かふんしょう花粉症
花粉症(花粉症)とは
花粉症(花粉症)とは、名前の通り花粉が原因となり発症し、くしゃみや鼻水、鼻づまりを引きおこしたり、目がかゆくなったり、のどが痛くなったりする病気です。
花粉症を引きおこす代表的な花粉は以下の通りです。
- スギ花粉
2~4月にかけて飛散する花粉。日本での花粉症になるとしたら、最も多いのがこのスギ花粉です。沖縄と北海道を除き、全国的に発症の引き金になります。
- ヒノキ花粉
3~5月にかけて花粉が飛びます。スギと同じく全国的に広がる花粉で、ギ花粉とヒノキ花粉の飛散時期が重なると、重症になるので注意が必要です。
- ブタクサ花粉
8~10月に飛散し、スギやヒノキに続いて飛散量が多い花粉です。

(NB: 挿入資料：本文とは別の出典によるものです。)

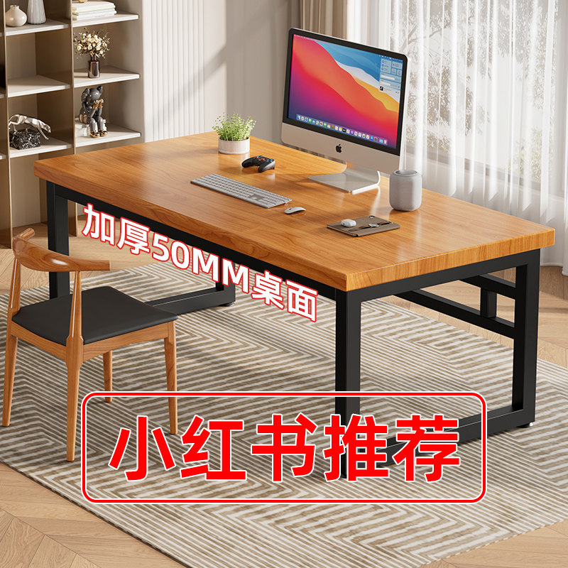 Solid Wood Computer Desk Bedroom Home Iron Art Desk Solid Wood Desk Modern Brief Writing Desk Bench Table-Taobao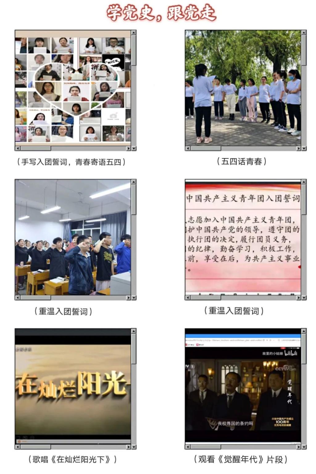 团委组织各团支部开展了形式多样的“弘扬五四精神,学党史跟党走”主题团日活动,教育引导青年学生学习党的光辉历史、传承和弘扬“五四”爱国精神,激励广大青年学生坚定理想信念。各团支部通过重温入团仪式、观看《觉醒时代》节选片段、朗诵《少年中国说》、歌唱《在灿烂阳光下》等方式,深入地学习了五四时期的历史,了解了五四精神的内涵。各支部团员积极参与了“五四话青春”活动,壮烈的英雄事迹深深地鼓舞了他们,他们纷纷表示要继承和发扬先辈们英勇无畏、迎难而上的精神,努力为中华民族伟大复兴做出自己的贡献。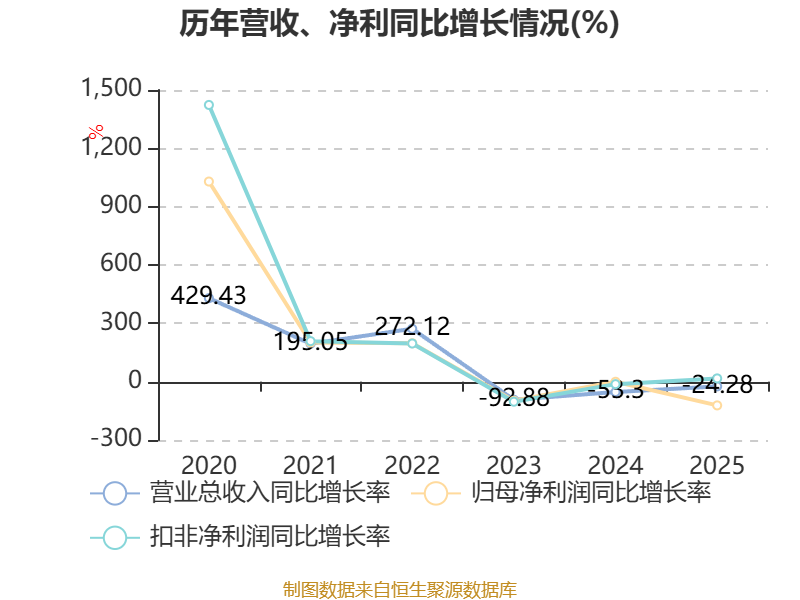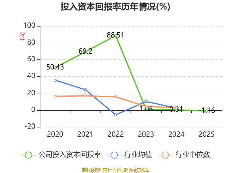 数据显示,2025年公司加权平均净资产收益率为-0.29%,较上年同期下降1.54个百分点。公司2025年投入资本回报率为-1.16%,较上年同期下降1.47个百分点。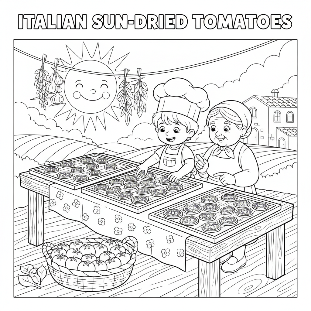A delightful sun coloring page featuring sun dried tomatoes food preparation Italian cuisine. Perfect for kids and adults who love coloring!

しかし、背の低い草花系の花粉で飛距離が短いので、植物が生えているところに近づかないことで防止することができます。
- イネ花粉
イネの飛散時期は5~9月であり、他のイネ科の飛散時期も考慮すると、春から秋にかけて長い間飛散している種類です。スギやヒノキと違い、北海道、沖縄も含めて全国的に飛散しています。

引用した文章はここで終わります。